===== Data extract =====

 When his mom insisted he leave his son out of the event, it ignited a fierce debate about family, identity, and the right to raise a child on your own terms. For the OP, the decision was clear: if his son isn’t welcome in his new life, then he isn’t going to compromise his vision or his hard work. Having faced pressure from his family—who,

=====
===== Data extract =====

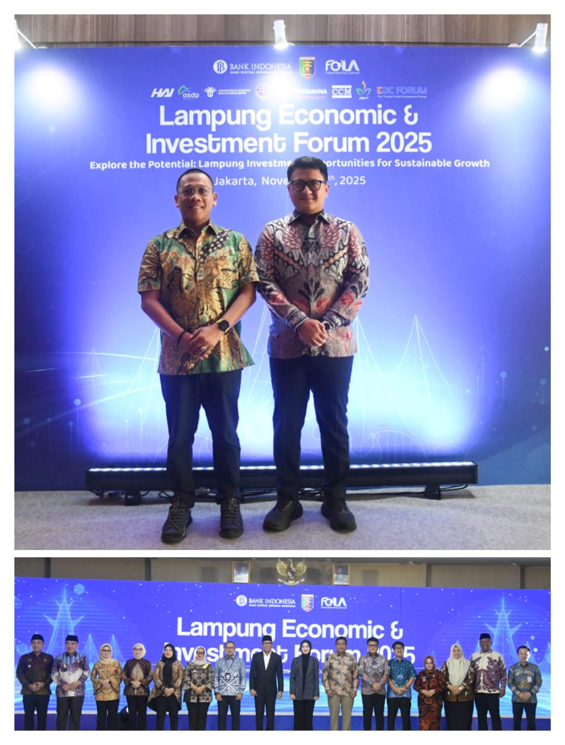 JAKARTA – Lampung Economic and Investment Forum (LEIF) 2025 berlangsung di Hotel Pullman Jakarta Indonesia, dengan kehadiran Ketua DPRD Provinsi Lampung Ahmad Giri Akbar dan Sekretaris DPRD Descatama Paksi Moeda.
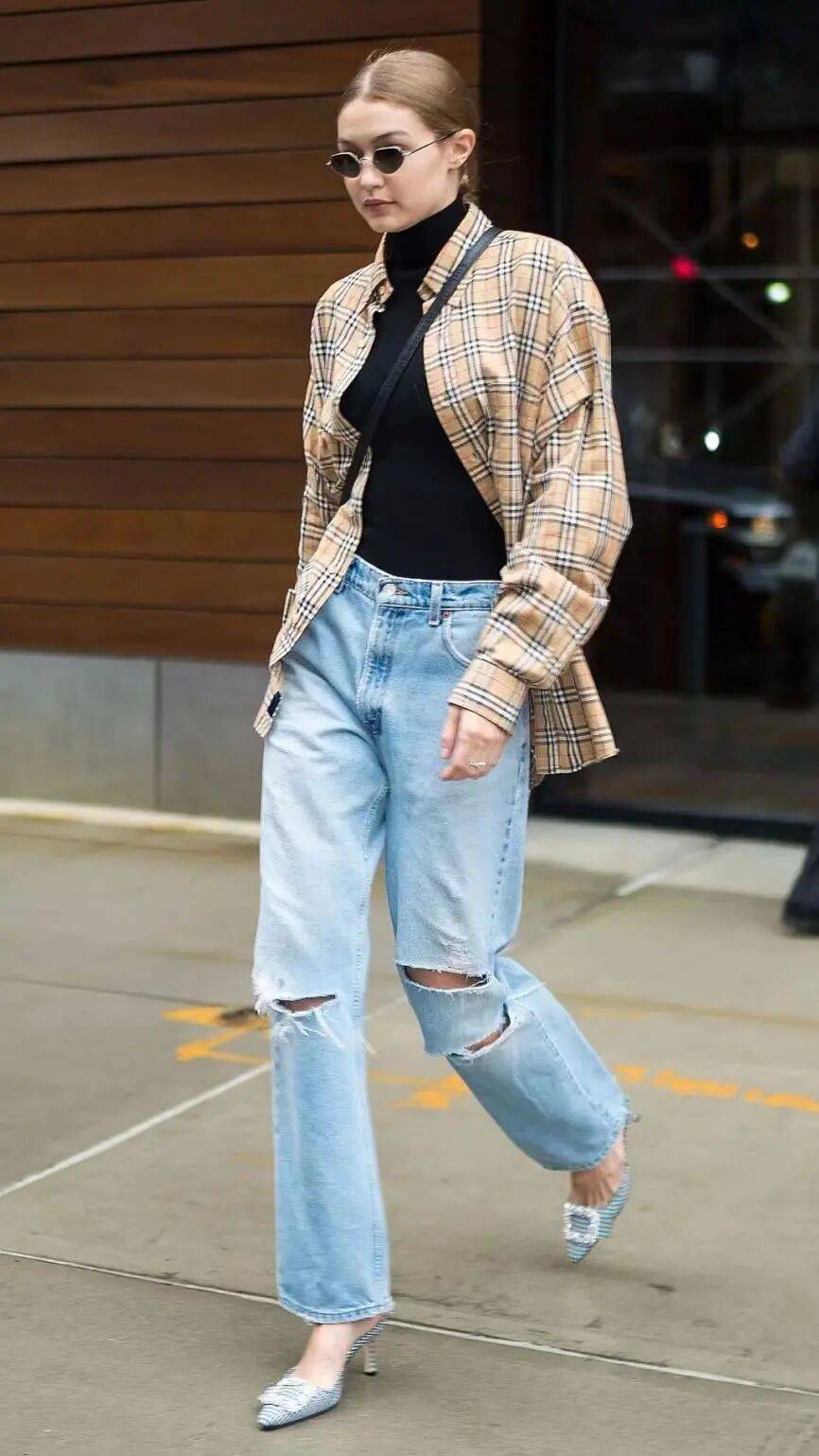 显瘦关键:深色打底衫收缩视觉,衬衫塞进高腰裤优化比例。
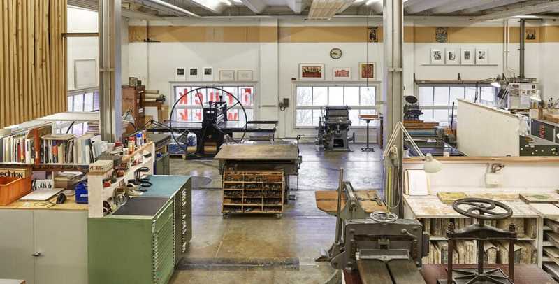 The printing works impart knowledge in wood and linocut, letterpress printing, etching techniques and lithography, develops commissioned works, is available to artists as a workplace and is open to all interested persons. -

=====

What to produce: Among the entries above, take the lines from the one with "显瘦关键:深色打底衫收缩视觉,衬衫塞进高腰裤优化比例。" through the one with "The printing works" and retype them exactly, leaving out the pictures.

Response:
 显瘦关键:深色打底衫收缩视觉,衬衫塞进高腰裤优化比例。
 The printing works impart knowledge in wood and linocut, letterpress printing, etching techniques and lithography, develops commissioned works, is available to artists as a workplace and is open to all interested persons. -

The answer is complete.